W ramach kiermaszu wielkanocnego przewidziano ponadto loterię fantową, sprzedaż stroików, ozdób, wypieków wielkanocnych i prac rękodzieła regionalnego, a dla dzieci możliwość jazdy na osiołku i szereg innych atrakcji.
Dla gości wystąpi zespół „Corny Potok”, który tworzą muzycy z Beskidu Żywieckiego, grający na altówce, skrzypcach i kontrabasie. Grupa wykonuje ludowe utwory góralskie z Żywiecczyzny, Podhala, Orawy, a także Słowacji i Węgier.
- W trakcie festynu przeprowadzana zostanie kwesta na rzecz chorych dzieci z naszego miasta, a wszystkie pieniądze zebrane na kiermaszu również przeznaczymy na ich leczenie - mówi ks. Dariusz Hamera z parafii Matki Bożej Wspomożenia Wiernych. - Chcielibyśmy, by trud przygotowania i wykonania przez dzieci pięknych kolorowych palm został w jakiś sposób nagrodzony.

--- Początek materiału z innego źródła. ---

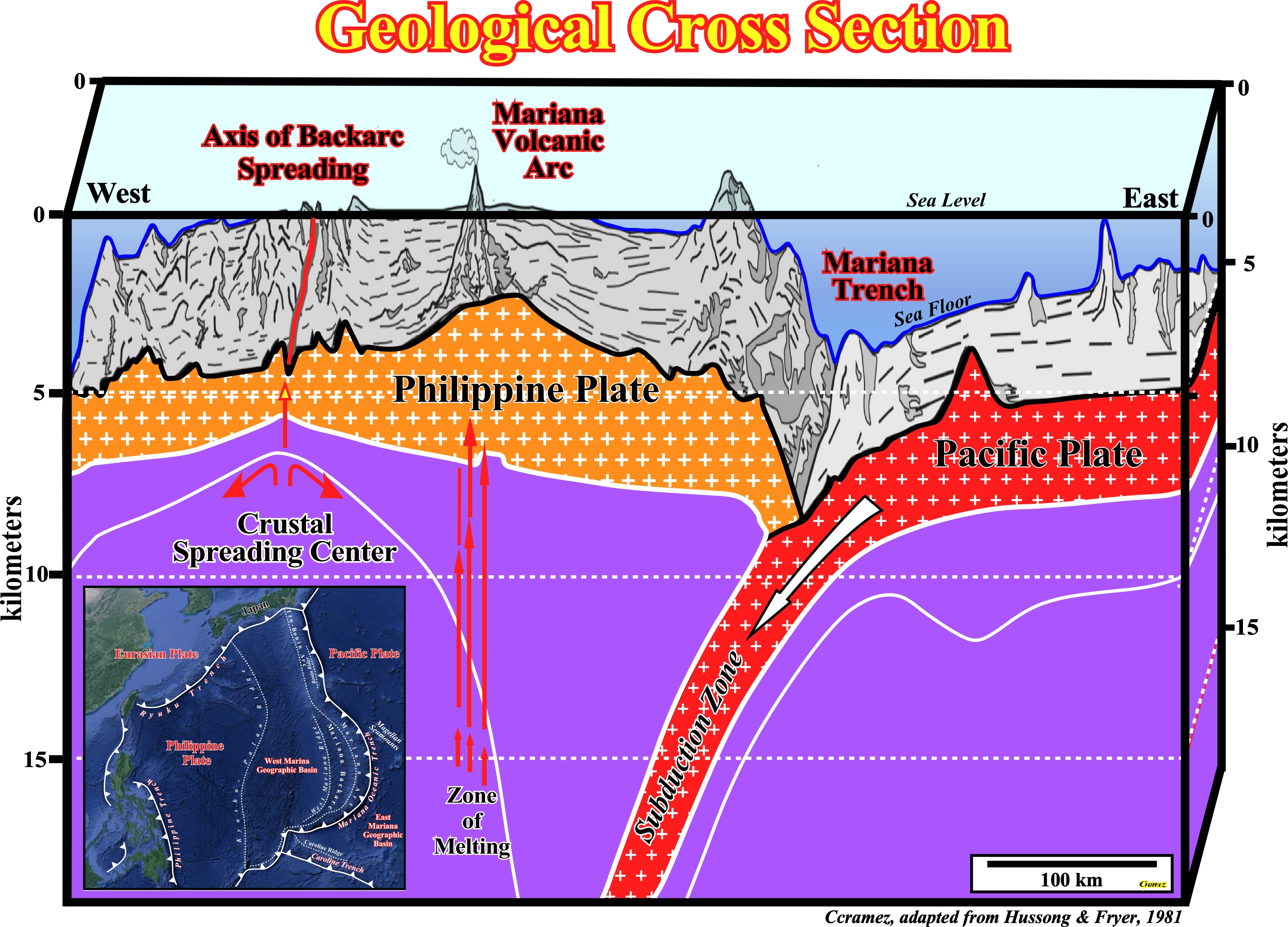 The Mariana Trench is part of a global network of deep troughs that cut across the ocean floor. It was formed, as illustrated on this geological sketch, when the Pacific lithospheric and the Philippine lithospheric plates collide, that is to say, that at the collision point, the Pacific plate (descending plate) plunge beneath the Philippine plate (overriding plate ) into the Earth’s mantle. Attention to the terms "collide " and "collision" here used, since in the plate tectonics and unlike the collision of a car against a wall, the kinetic energy plays no important role, i.e., in the plate tectonics there is no transformation of kinetic energy in strain energy. The depths of the Mariana Trench were first plumbed in 1875, during the first global oceanographic cruise, as more or less eight kilometers, using a weighted sounding rope. However, in 1951, the British vessel H.M.S. Challenger II returned to the spot with an echo-sounder and measured a depth of nearly 11 kilometers.
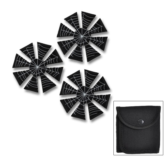 Our black widow webbed throwing stars are crafted perfectly for novice throwers. Veteran throwers will also love the unique design of these stars. Each spiderweb throwing star set comes with three stars and a nylon sheath for easy and safe carrying. Our stainless steel throwing stars measure approximately 3" in diameter with a medium weight for easier stick in targets.

Dlatego zwróciliśmy się z prośbą do ludzi dobrej woli, instytucji i firm z terenu Połańca o zasponsorowanie nagród. Nasza prośba spotkała się z ogromnym, pozytywnym odzewem. Uzyskaliśmy cenne nagrody na konkurs palm. Bardzo wiele osób włączyło się też w ideę loterii fantowej, przekazując na ten cel różne przedmioty.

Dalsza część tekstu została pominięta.